Getting within Inches of Piaf
But now the theatre is skipping the middle man and translating some of the French greats directly to Icelandic. Last spring, the theatre group “The Theatre on the Scene” staged a production based on the poetry of Jacques Prévert, some of it in French, some of it in Icelandic, but the title ironically in English. The album is still available in record stores.

The Icelandic translations of are by a man named Sigurður Pálsson, who translated Prévert’s poetry collection Paroles in 1987. Pálsson studied at Sorbonne and was president of Alliance Française in the late 70’s. He has translated numerous other works from French and has written plays of his own. His latest work is a play on the life of Edith Piaf, which premiered last spring at the National Theatre and has been playing for a full house ever since.

Again, the lyrics are partly in French and partly in Icelandic. Thanks to leading lady Brynhildur Guðjónsdóttir, you can come within inches of the French songstress’s delivery, and for those of us better versed in Icelandic than French, get the lyrics as well. It’s about time we got to appreciate one of the great voices of the 20th Century up here. But what is she singing about?

Love Everlasting
Born in the midst of World War 1 onto a policeman’s coat outside of a house in Paris’ poor quarter and raised in a brothel, Edith always sang as if her life depended on it because by and large it did.

The album starts with the French language La vie en rose, before moving onto Icelandic with L’accordéoniste, The Accordion Player. Deciphered, it is about the sheer love of music, intertwined the love of a man, the accordion player who is sent off to war, leaving her all alone.

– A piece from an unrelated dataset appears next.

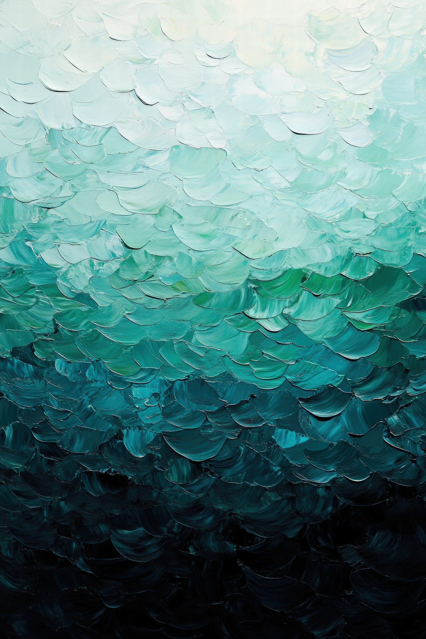 Dieses Bild zeigt einen sanften Farbverlauf von Weiß über verschiedene Grüntöne bis zu Dunkelgrün. Die dicken Pinselstriche erzeugen eine ausdrucksstarke, strukturierte Oberfläche.

But the song is not about love everlasting, this is not music for teenagers on the make. Who can believe in love that lasts forever anyway but those who are new to it? As soon as her man is gone she finds another who can do the things that he did, and she is once again lost in song. Nothing lasts forever, it is all in the moment.

Love All-Consuming
The next song, Marguerite Monnot, Love Psalm, is in both French and Icelandic. This time, the subject is love, all-consuming. Written by Edith herself, it details the sacrifices a woman is willing to make for love. Like most poets, she offers the moon to her lover if but only she could. That’s of course an empty promise, but in the next verse she promises not to care if people laugh at her for being with him, a much more potent expression of love as it deals with real sacrifice.

On the next track she does battle with the faceless masses again. Performed solely in Icelandic, La foule (The Crowd), details being swept through a maddening crowd and into the arms of a stranger, before the crowd sweeps her away again. People go from being strangers to being soul mates to being strangers again, and you can never clasp them close enough, at least not for more than a moment.

Milord is again in Icelandic and French. A girl from the harbour area sees a man in
love and then proposes to comfort him as the lover leaves. Touchingly, she speaks of what he has lost. Has rebound ever been better proposed?

Love Gone Away
But the moment will not, can not last, and in Mon dieu she offers a prayer to God himself for just a little more time. But the prayer goes unanswered, the years pass by, and you’re left with nothing but the memories and the pain, expressed in Padam
Padam. A voice “whispers of youth and love/ And threatens; now you must suffer,” to the simpleton who once believed. La ville inconnue (In a Foreign City) continues the theme of loneliness, but here it is unrelenting, there is not even so much as a moment to live for. Finally, we reach some sort of acceptance, with Non, je ne regrette rien (I Don’t Regret a Thing). But the acceptance is not found in comforting herself with the memories, for what good are memories of things that have gone away? No, she banishes those memories to begin anew.

For those who want to renew the memories of one of the greats of the 20th Century, the play Edith Piaf is being performed in the National Theatre and the album is available in 12 Tónar record store on Skólavörðustígur 15.